They recovered the uranium that the IAEA alerted of its disappearance in Libya

File: Barrels with uranium oxide (REUTERS/Shamil Zhumatov) (SHAMIL ZHUMATOV/)

Containers with 2.5 tons of uranium that the UN nuclear agency reported missing at a Libyan site have been recovereda military officer from the war-torn North African country announced Thursday.

The containers were found “barely 5 kilometers” from the place where the International Atomic Energy Agency (IAEA) had reported his disappearance, the commander indicated in a video Khaled al Mahjubbelonging to the forces of the strongman of eastern Libya, Khalifa Haftar.

The general published a video in which a man appears in a protective suit and counting, in English, eighteen blue containers, that is, all the uranium that he had stored there.

The situation is under control, the IAEA was informed”General Mahjub told AFP.

In his publication, the general stated that after the disappearance of the containers was confirmed during a visit by IAEA inspectors, “an armed force of the [Ejército Nacional Libio] he found them just 5 kilometers from the deposit, in the direction of the Chadian border.”

The Libyan National Army is the force of Khalifa Haftar.

According to General Mahjub, the containers were stolen and then abandoned “by a Chadian faction, believing that they were weapons or ammunition.”

Taking advantage of the chaos and porous borders, various Chadian and Sudanese factions established their rear bases in southern neighboring Libya for their trafficking activities.

File: A worker checks radiation levels in a uranium oxide container in Kazakhstan (REUTERS/Vladimir Pirogov)
File: A worker checks the radiation levels in a uranium oxide container in Kazakhstan (REUTERS/Vladimir Pirogov) (Vladimir Pirogov/)

The IAEA warned on Wednesday that some 2.5 tons of natural uranium from a Libyan site was missing, according to a statement sent to AFP.

On Tuesday, inspectors from that UN agency discovered during a visit “that ten containers with about 2.5 tons of natural uranium in the form of uranium concentrate (UOC, also called”yellow cake” either yellow cake) were not present where the authorities had declared”, indicated the general director of the IAEA, Rafael Grossiin a report.

The IAEA declined to provide further details about the missing uranium.

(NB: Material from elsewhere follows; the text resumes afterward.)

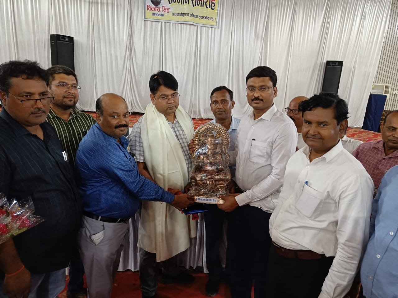 गोरखपुर। निवर्तमान सदर तहसीलदार विकास कुमार सिंह का गोरखपुर क्लब में ज्वाइंट मजिस्ट्रेट/ एसडीएम सदर मृणाली अविनाश जोशी के नेतृत्व में तहसील सदर परिवार के समस्त अधिकारियों कर्मचारियों व जिला प्रशासन के राजपत्रिक अधिकारियों ने गर्म जोशी से यादगार विदाई किया। सदर तहसील प्रशासन की तरफ से समस्त कानूनगो लेखपाल अमीन बीआरसी सहित अन्य कर्मचारियों को प्रशस्ति पत्र देकर सम्मानित किया गया। लेखपाल संघ अध्यक्ष राजू सिंह के नेतृत्व में 50 किलो के माला से निवर्तमान सदर तहसील विकास सिंह को माला पहनाकर यादगार विदाई दी गई उससे पूर्व जॉइंट मजिस्ट्रेट/ एसडीएम सदर मृणाली अविनाश जोशी ने निवर्तमान सदर तहसीलदार विकास कुमार सिंह को पुष्प गुच्छ देकर विदा की बारी-बारी से मुख्य राजस्व अधिकारी सुशील कुमार गौड़ एडीएम प्रशासन पुरुषोत्तम दास गुप्ता एडीएम वित्त विनीत कुमार सिंह नगर मजिस्ट्रेट मंगलेश दुबे एसडीम चौरी चौरा प्रशांत वर्मा उप जिला अधिकारी शिवम सिंह नायब तहसीलदार देवेंद्र यादव नायब तहसीलदार आकांक्षा पासवान वीआईपी बाबू आनंद मिश्रा ने निवर्तमान सदर तहसीलदार विकास कुमार सिंह को पुष्प गुच्छ देकर ससम्मान विदाई किए सदर तहसीलदार ध्रुवेंश कुमार सिंह ने अपने सहयोगियों राजस्व निरीक्षक विनय कुमार श्रीवास्तव प्रद्युम्न सिंह लेखपाल संघ अध्यक्ष राजूसिंह दिनेश पंकज रामकुमार गुप्ता सहित अन्य के साथ गणेश जी की प्रतिमा देकर विदा किए सदर तहसील के समस्त लेखपाल कानूनगो नेब निवर्तमान सदर तहसीलदार विकास कुमार सिंह को माला पहनाकर विदा किया। प्रदेश उपाध्यक्ष लेखपाल संघ धनंजय कुमार श्रीवास्तव ने अंग वस्त्र देकर अपने चहेते अधिकारी निवर्तमान सदर तहसीलदार को विदा किया। अंतरराष्ट्रीय गायक राकेश श्रीवास्तव द्वारा सांस्कृतिक कार्यक्रम प्रस्तुत किए गए। विकास कुमार सिंह 16 जुलाई 2021 को गोरखपुर में अपना पदभार कैंपियरगंज तहसीलदार के पद से शुरू किया था उसके बाद चौरी चौरा का तहसीलदार बनाया गया बाद में 11 अगस्त 2022 को जिलाधिकारी ने सदर तहसील का तहसीलदार बनाया था सदर तहसील में रहते हुए सरकार द्वारा चलाई जा रही महत्वाकांक्षी योजनाओं को अमली जामा बनाने में कोई कोर कसर नहीं छोड़ी थी अपने सहयोगी लेखपाल कानूनगो के मदद से जो सदैव याद किया जाएगा। 10 जुलाई को लखनऊ का तहसीलदार बनाया गया।

However, his admission that the uranium had disappeared at a “previously declared location” narrowed the odds.

One of those places is sabhalocated some 660 kilometers southeast of the Libyan capital, Tripoli, in the lawless Libyan region in the south of the Sahara desert. During the rule of the dictator Moammar Gadhafi, Libya stored thousands of barrels of unrefined uranium there for a uranium conversion plant that was planned and never built, as part of a secret weapons program that lasted for decades.

Estimates were for about 1,000 tons of uranium stored during the Gaddafi regime, which declared its fledgling nuclear weapons program to the world in 2003 following the US-led invasion of Iraq.

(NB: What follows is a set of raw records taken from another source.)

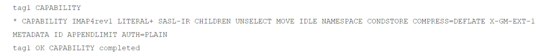 客户端通常发送的下一个命令是CAPABILITY。CAPABILITY命令允许客户端获取服务器支持的功能列表。未在未标记响应中列出的任何功能都将被标记响应中指示的服务器视为BAD命令。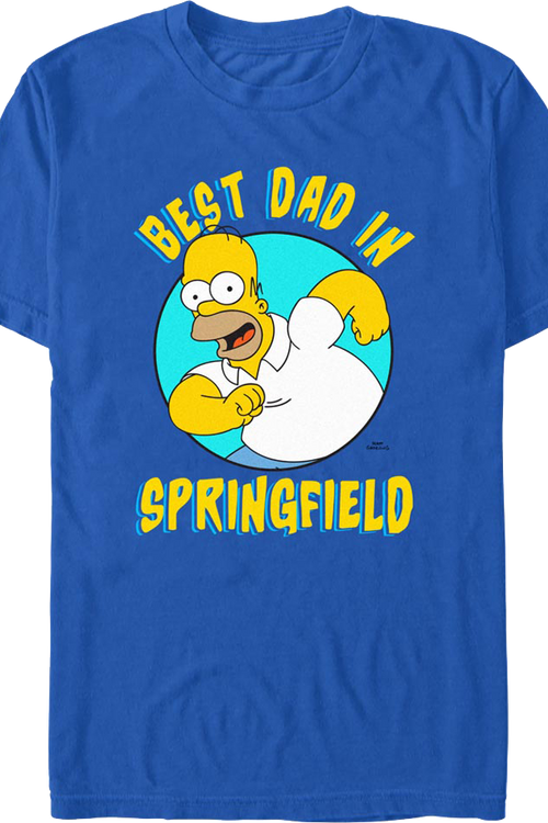 This Simpsons t-shirt features an image of Homer Simpson. The shirt reads Best Dad In Springfield.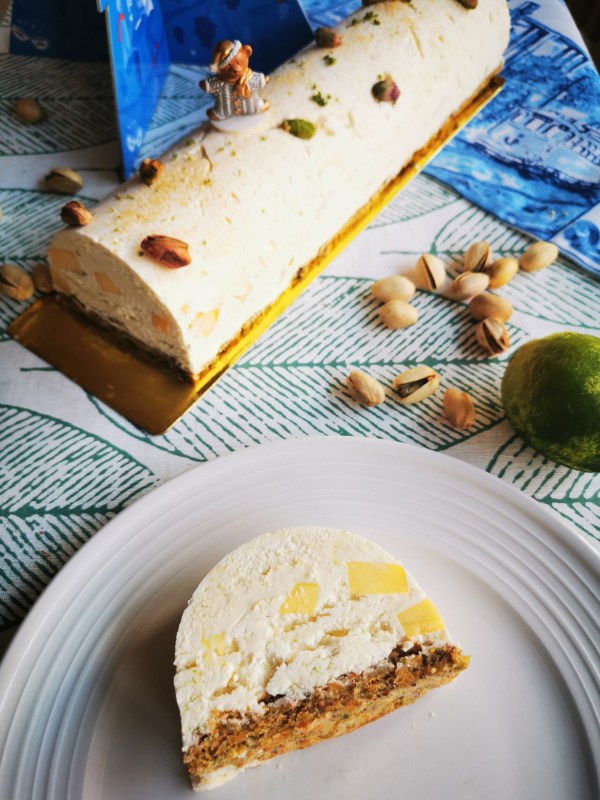 Bûche chocolat blanc, citron vert et mangue, biscuit à la pistache

Although inspectors removed the last stocks of enriched uranium from Libya in 2009, yellowcake uranium was left behind. The United Nations estimated in 2013 that there were some 6,400 barrels of the material in Sabha. US officials feared that Iran might try to buy the uranium from Libya. According to a diplomatic dispatch published by WikiLeaksthe main person in charge of the Gaddafi government’s civilian nuclear program, tried to reassure the United States about that possibility in 2009.

“Stressing that Libya viewed the issue as a trade matter, (the official) noted that prices for yellowcake uranium on the world market had been rising, and that Libya wanted to maximize its profit by timing the sale of its reserves.” , indicated the then ambassador Gene A. Cretz.

But in the 2011 Arab Spring, rebels overthrew Gaddafi and eventually killed him. Sabha became increasingly lawless as the transit of African migrants through Libya grew, some of whom were sold into slavery in the city, according to the United Nations.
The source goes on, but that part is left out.